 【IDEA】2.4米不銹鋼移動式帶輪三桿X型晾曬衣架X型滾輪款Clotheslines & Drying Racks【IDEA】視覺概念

==

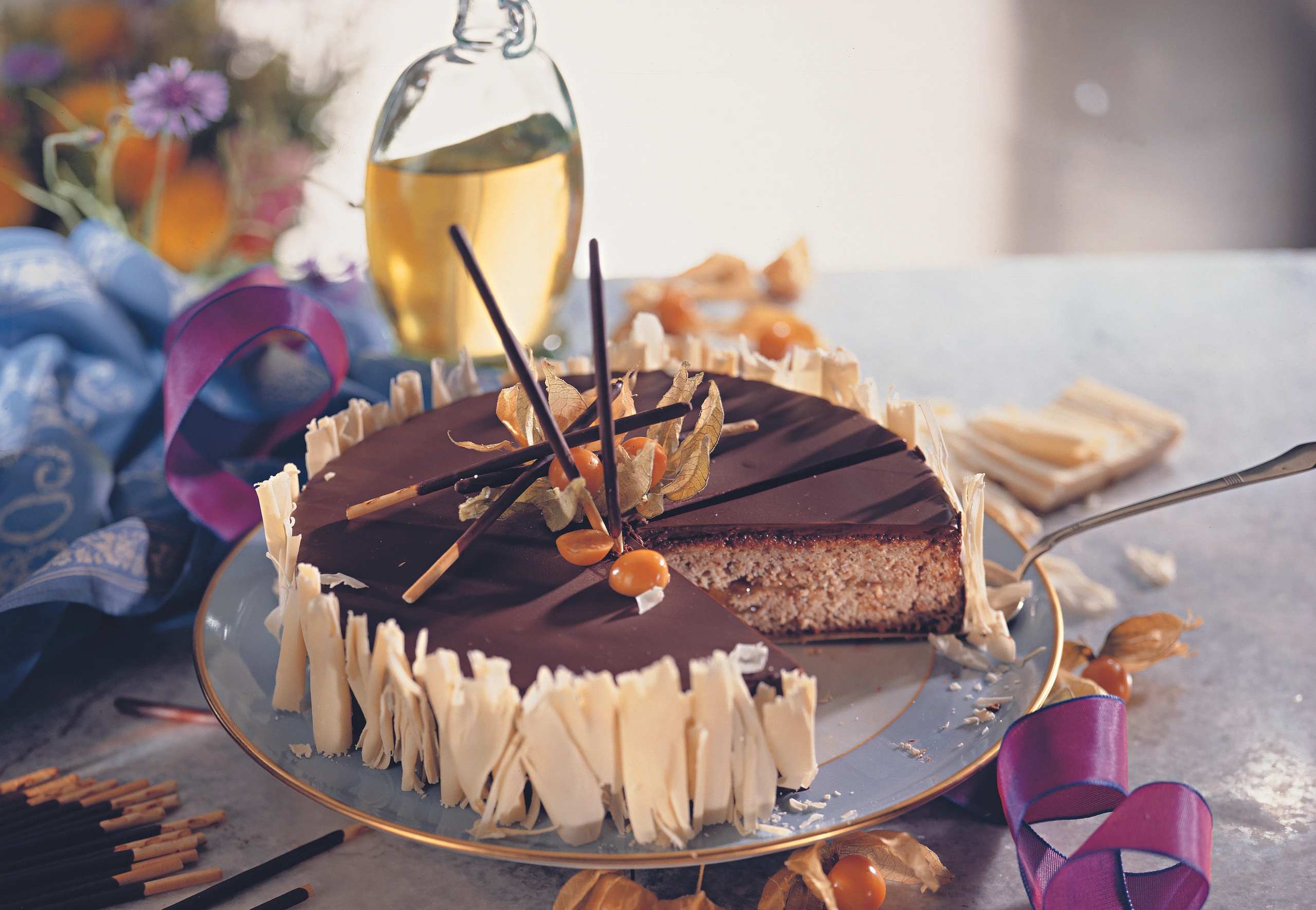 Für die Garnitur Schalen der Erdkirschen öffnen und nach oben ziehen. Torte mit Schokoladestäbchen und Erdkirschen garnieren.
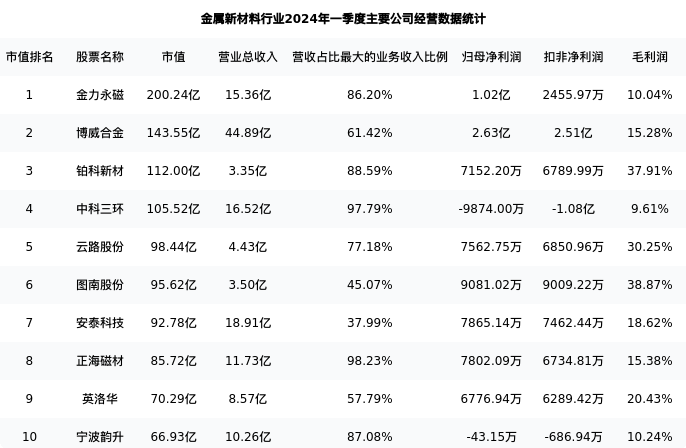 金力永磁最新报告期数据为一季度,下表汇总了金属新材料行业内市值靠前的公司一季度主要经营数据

---

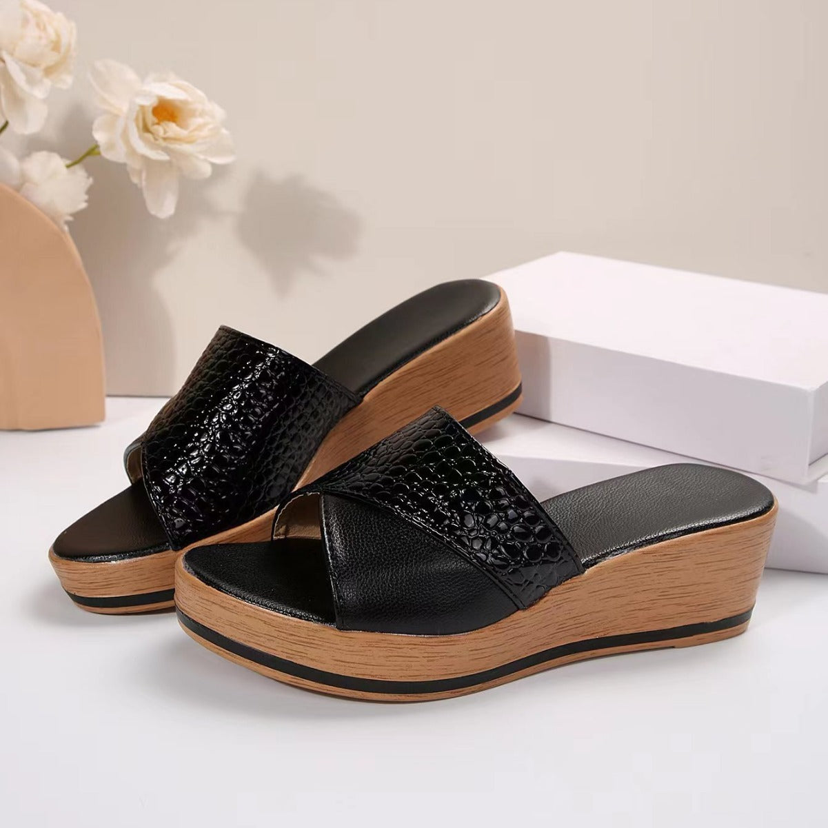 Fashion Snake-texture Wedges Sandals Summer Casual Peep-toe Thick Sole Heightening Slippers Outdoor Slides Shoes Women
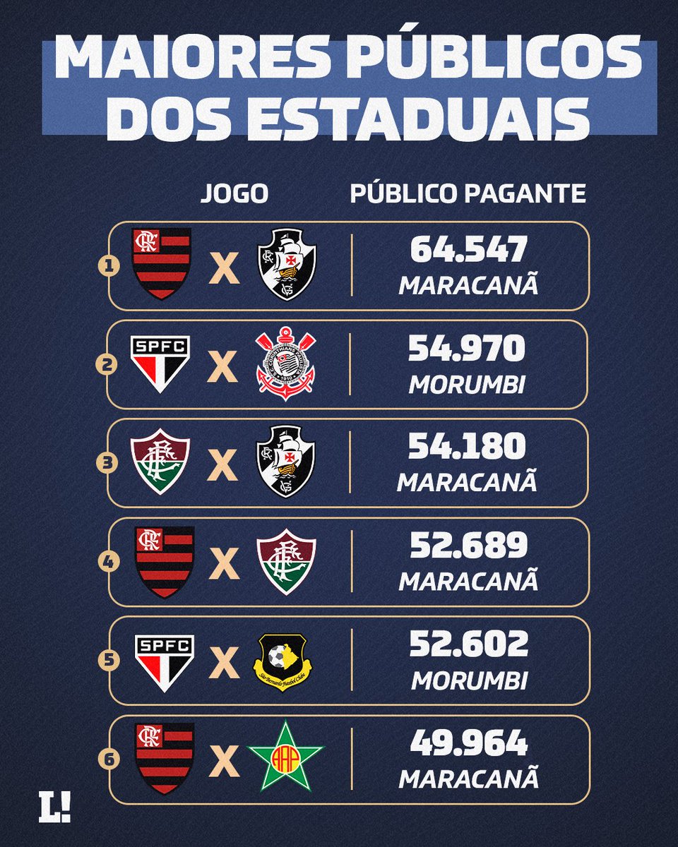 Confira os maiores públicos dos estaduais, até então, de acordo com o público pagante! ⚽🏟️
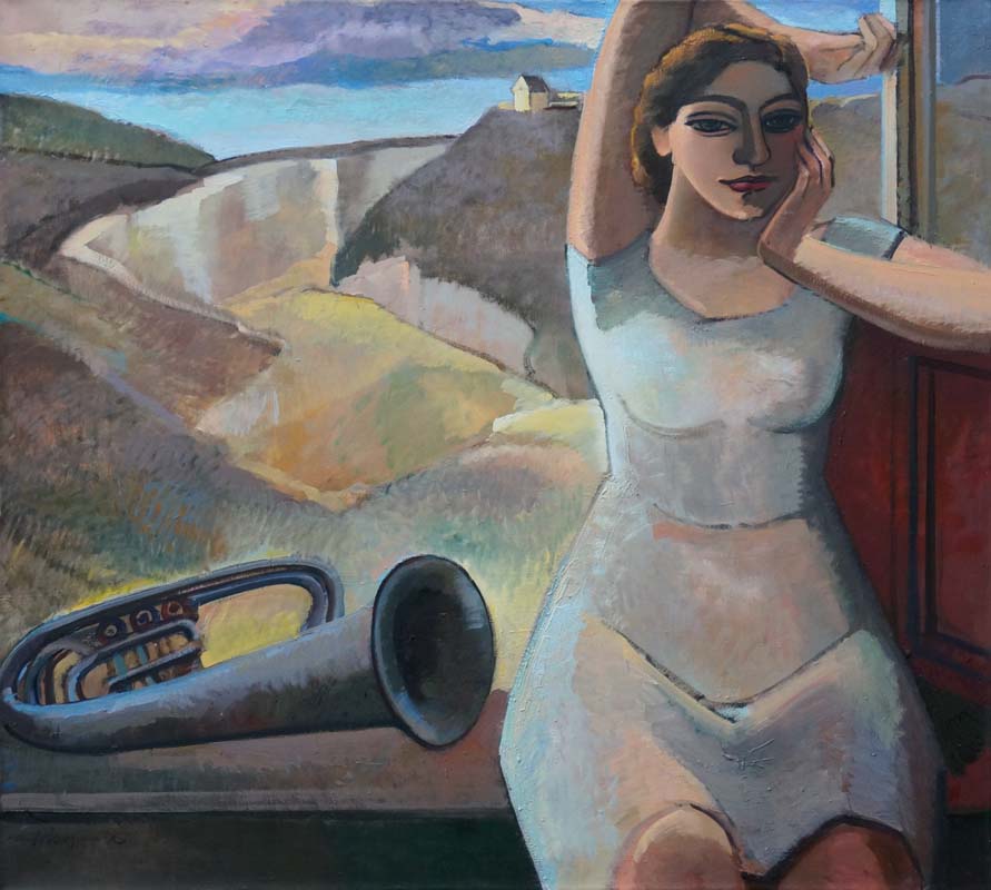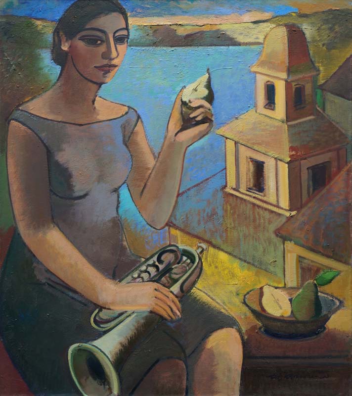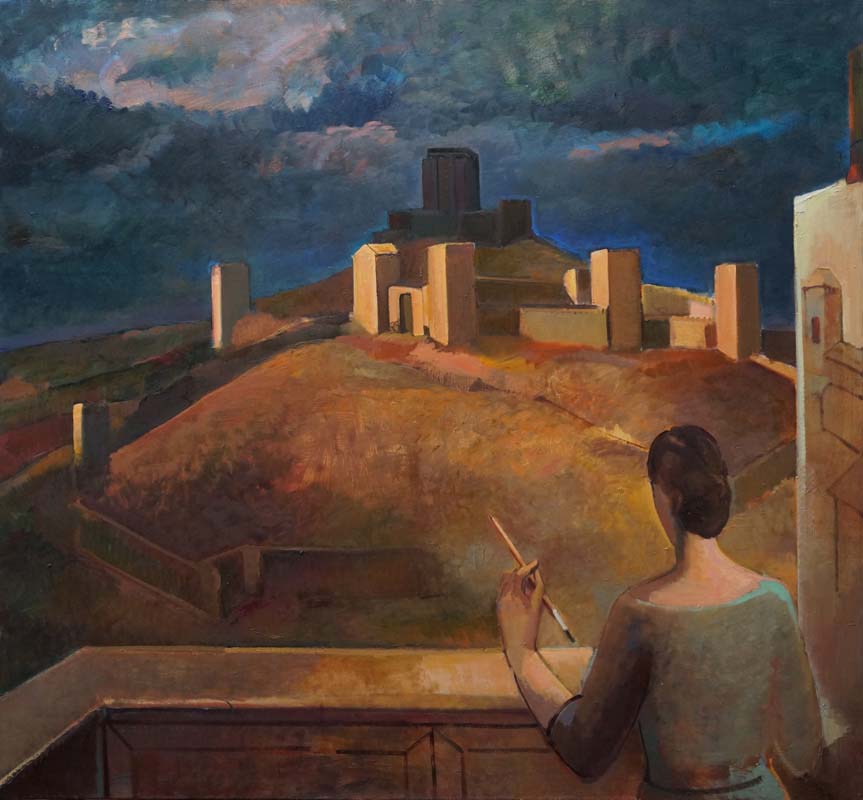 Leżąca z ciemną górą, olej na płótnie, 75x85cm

■ **EXERCISE PROMPT**: Exact copy, no pictures. Write out the lines in the entries above, starting with the line with "Fashion Snake-texture Wedges" and going on through the line with "Leżąca z ciemną", keeping both.

■ **TASK RESULT**:
 Fashion Snake-texture Wedges Sandals Summer Casual Peep-toe Thick Sole Heightening Slippers Outdoor Slides Shoes Women
 Confira os maiores públicos dos estaduais, até então, de acordo com o público pagante! ⚽🏟️
 Leżąca z ciemną górą, olej na płótnie, 75x85cm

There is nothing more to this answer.